■ Excerpted data:
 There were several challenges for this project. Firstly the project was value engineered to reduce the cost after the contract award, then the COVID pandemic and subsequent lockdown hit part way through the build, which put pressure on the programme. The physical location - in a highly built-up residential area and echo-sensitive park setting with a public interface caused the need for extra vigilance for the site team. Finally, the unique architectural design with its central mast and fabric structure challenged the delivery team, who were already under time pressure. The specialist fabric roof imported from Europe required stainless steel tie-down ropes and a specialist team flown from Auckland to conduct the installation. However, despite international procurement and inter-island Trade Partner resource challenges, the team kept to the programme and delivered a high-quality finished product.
...
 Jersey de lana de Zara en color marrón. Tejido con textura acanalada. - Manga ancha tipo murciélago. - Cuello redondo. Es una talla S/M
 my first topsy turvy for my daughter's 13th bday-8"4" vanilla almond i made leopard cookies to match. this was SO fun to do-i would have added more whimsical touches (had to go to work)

■ Exercise description:
Would you copy out exactly the lines above that start at the one containing "Jersey de lana" and end at the one containing "my first topsy", inclusive?

■ Answer to this exercise:
 Jersey de lana de Zara en color marrón. Tejido con textura acanalada. - Manga ancha tipo murciélago. - Cuello redondo. Es una talla S/M
 my first topsy turvy for my daughter's 13th bday-8"4" vanilla almond i made leopard cookies to match. this was SO fun to do-i would have added more whimsical touches (had to go to work)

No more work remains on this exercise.